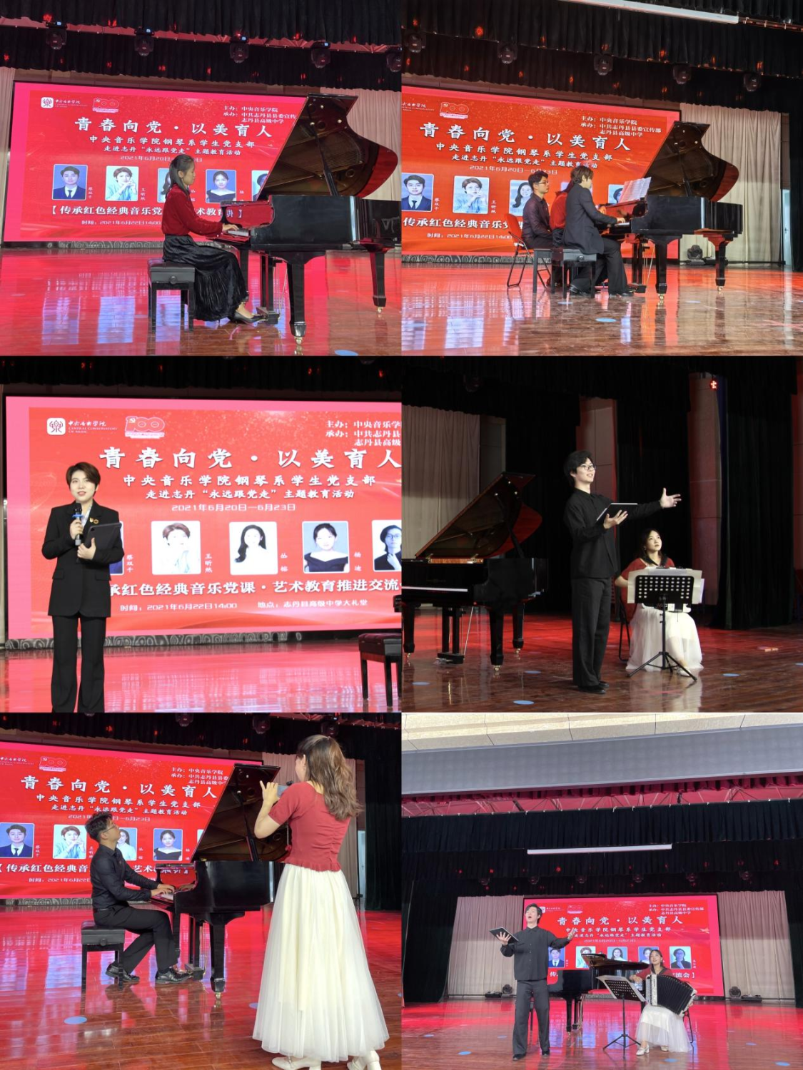 6月22日,钢琴系学生党支部来到志丹县高级中学,以传承红色经典作品为主题、讲述与演奏相互结合的方式,为师生带来了一堂精彩的音乐党课。志丹县县委宣传部及教育局领导、志丹县高级中学校长出席,志丹县各级单位党员、音乐教师及高级中学学生约600人聆听了此次音乐党课。
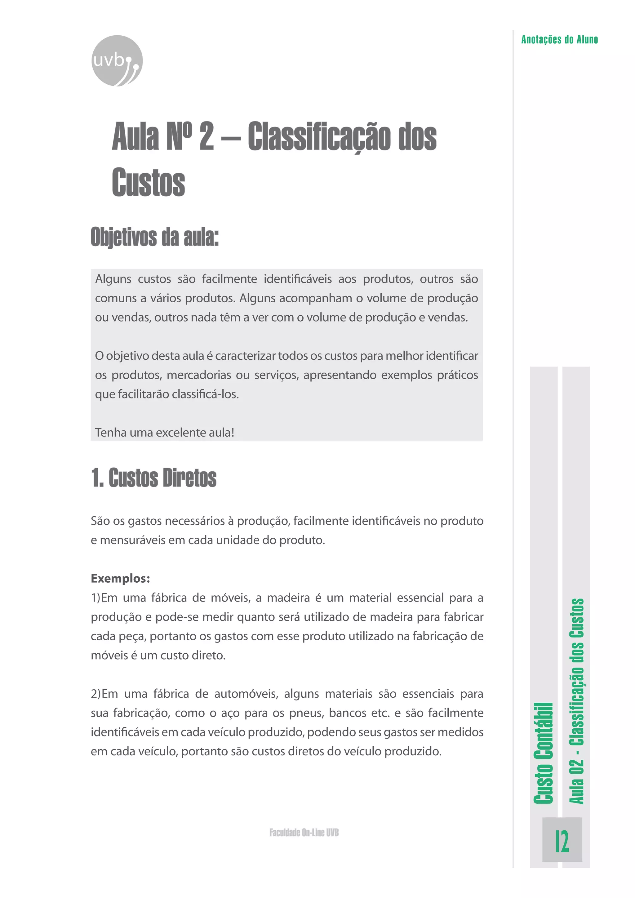 O documento discute a classificação de custos em diretos, indiretos, variáveis e fixos. Apresenta exemplos de cada tipo de custo em indústrias de móveis e automóveis. Explica como calcular o custo de produção, custo da produção acabada e custo da produção vendida usando informações sobre estoques iniciais e finais e outros dados contábeis.
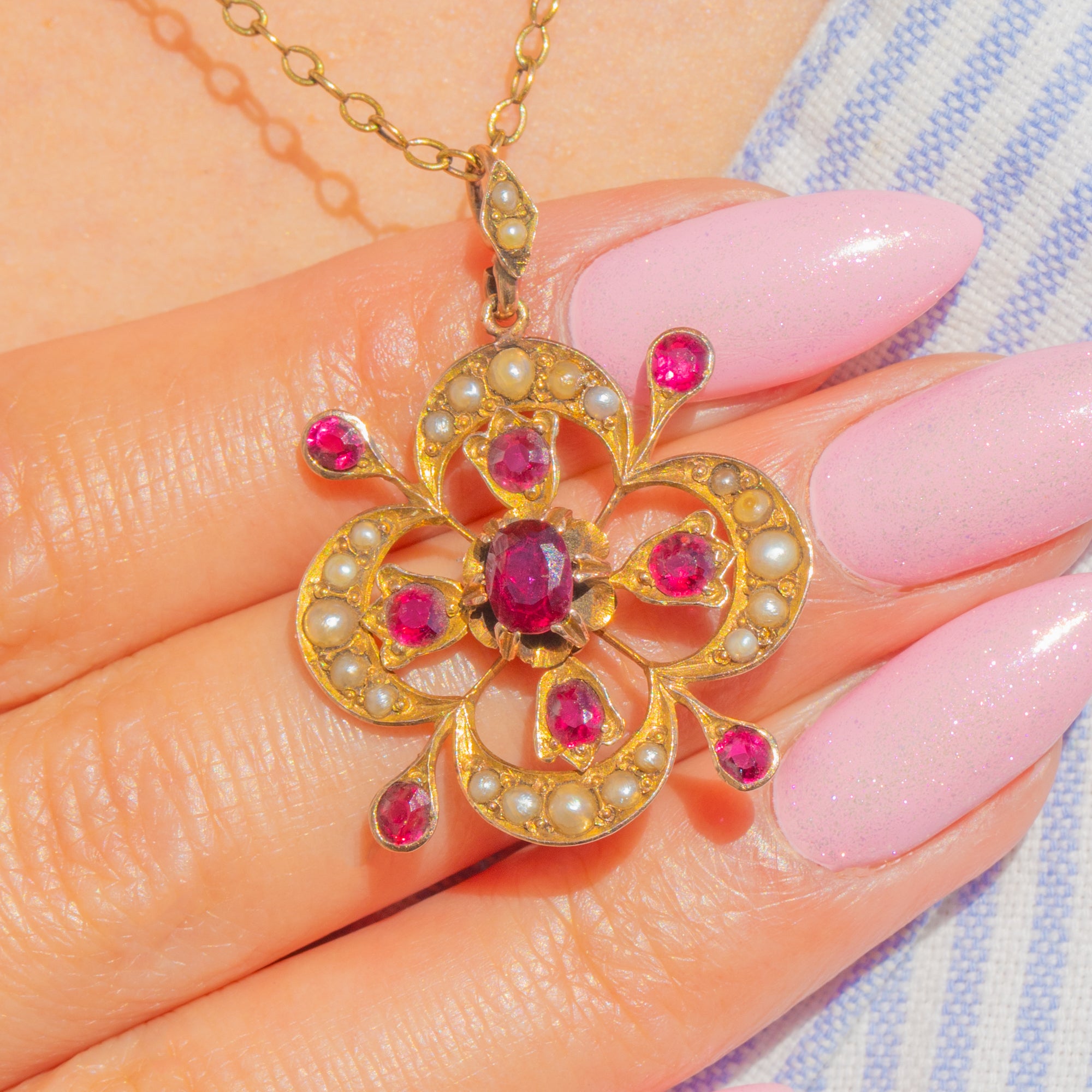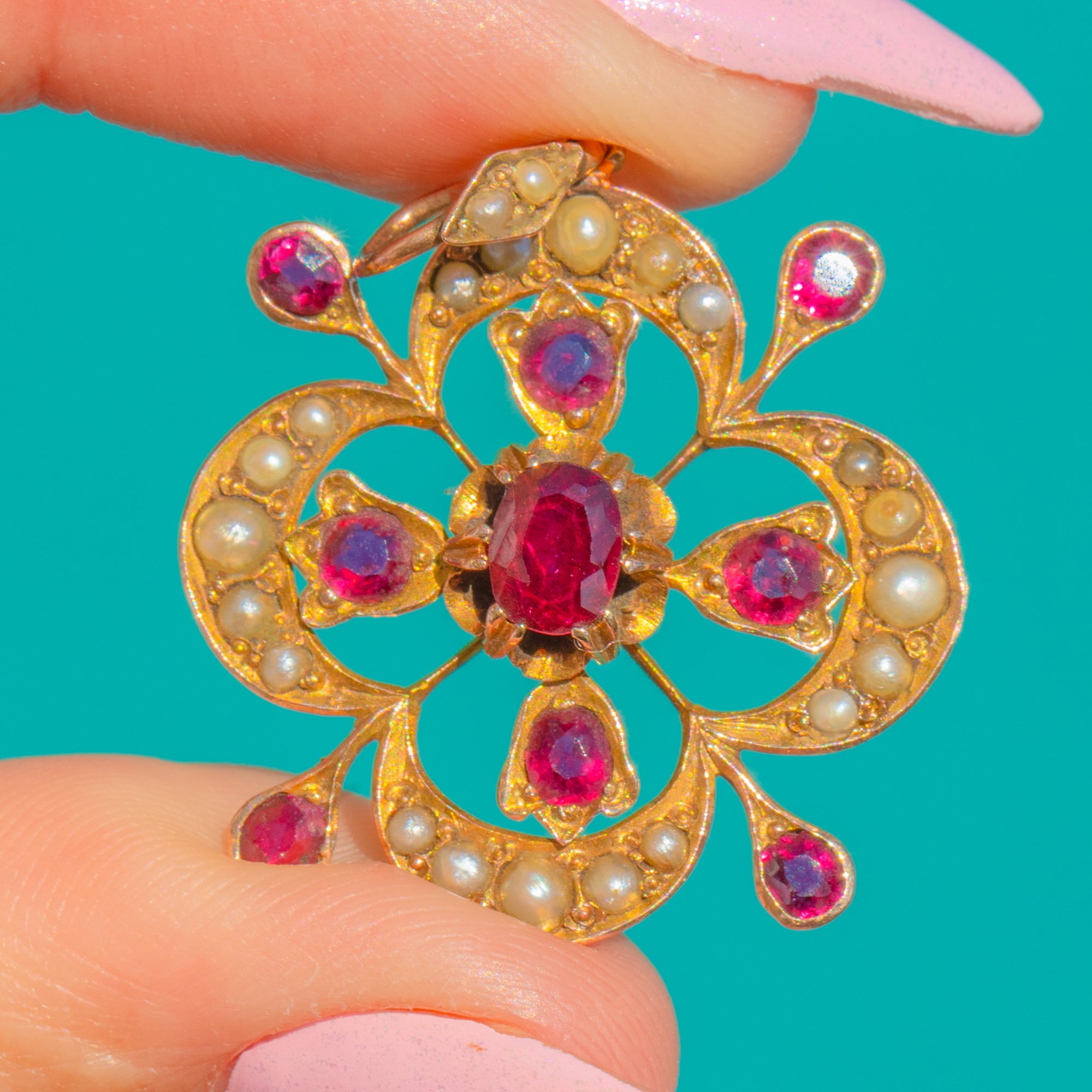 Beautifully made and full of late-19th-century charm, the balanced floral form and refined ornamentation make this an elegant choice for everyday luxury or a special occasion. The Rubies bring a lively pop of pink-red colour, while the Pearls add a gentle, antique lustre—timeless and endlessly wearable.

## Problem to work on
Give back the full data exactly as it reads, but drop the pictures.

## Result
 6月22日,钢琴系学生党支部来到志丹县高级中学,以传承红色经典作品为主题、讲述与演奏相互结合的方式,为师生带来了一堂精彩的音乐党课。志丹县县委宣传部及教育局领导、志丹县高级中学校长出席,志丹县各级单位党员、音乐教师及高级中学学生约600人聆听了此次音乐党课。
 O documento discute a classificação de custos em diretos, indiretos, variáveis e fixos. Apresenta exemplos de cada tipo de custo em indústrias de móveis e automóveis. Explica como calcular o custo de produção, custo da produção acabada e custo da produção vendida usando informações sobre estoques iniciais e finais e outros dados contábeis.
 Beautifully made and full of late-19th-century charm, the balanced floral form and refined ornamentation make this an elegant choice for everyday luxury or a special occasion. The Rubies bring a lively pop of pink-red colour, while the Pearls add a gentle, antique lustre—timeless and endlessly wearable.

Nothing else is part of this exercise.